Ashley Ladouceur is an Ottawa-based photographer who has a graphic arts degree.  "I’ve built my portfolio by working with non-profit organizations, artists, Government departments and Private firms," she writes on her bio page on her tumblr site.  "On my spare time, I brainstorm ideas and create projects that somehow impact the lives of children living in Colombia."  Her work includes urban landscapes, street fashion and portraits.  If you want to see more of her work check out her pinterest site.

I like discovering photo-blogs that focus on different Ottawa neighbourhoods.  I was therefore quite pleased when I came across Glebester.  While this tumblr site was last updated a couple of months, it does contain many beautiful photographs of the Glebe.

Local photographer Stephen Harrison was born in Ottawa in 1983 and grew up in the rural village of Dunrobin, which is located a few kilometers northwest of Canada’s capital.  A graduate of Algonquin College's photography program, he likes to explore nature by taking photos of deep forests, expansive fields, flowers and winding creeks. His work, however, also includes really intriguing artistic shots that range from ice sculptures, to a fascinating shoot involving garbage, to a fire on an OC Transpo bus.  While his photo-blog is only updated on a periodic basis, (the most recent post on the site is from April), his work is definitely worth checking out.

I do not know a lot about Broke Billionaire Media. According to their tumblr site bio, they are "A group of individuals determined to usher in a new type of groove where ever and whenever possible. Dope Music. Good People. Great Atmospheres. That’s what we’re about."  True to this description, the publish photographs of club parties, as well as running an instagram site.

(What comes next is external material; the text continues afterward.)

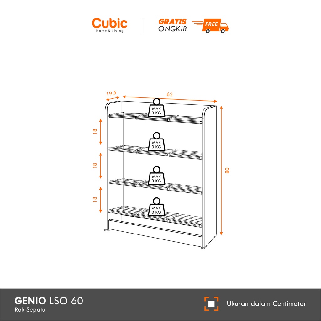 Cubic Rak Sepatu Modern Minimalis / Rak Sepatu 4 Tingkat / GENIO LSO 60 - Motif Kayu

Marijuana smokers, meanwhile, might get a kick out of Blunts N Kush.  For their part, Jackpine is a site for a self-described "creative studio" in Ottawa that contains an eclectic (and interesting) range of photos from our area.  Other tumblr sites that I have come across include Bixter Snoodle, Eric Gregoire, Zhengyanglu and Illuminated.

Wednesday, June 12, 2013

Some posts from local history blogs

Back to the Past and Future - Photo by Arty-chan
courtesy of Flickr  (Creative Commons)

From time to time I like to highlight local blogs that discuss the history of the National Capital Region.  With this in mind, below are some stories that I have come across in the last couple of months.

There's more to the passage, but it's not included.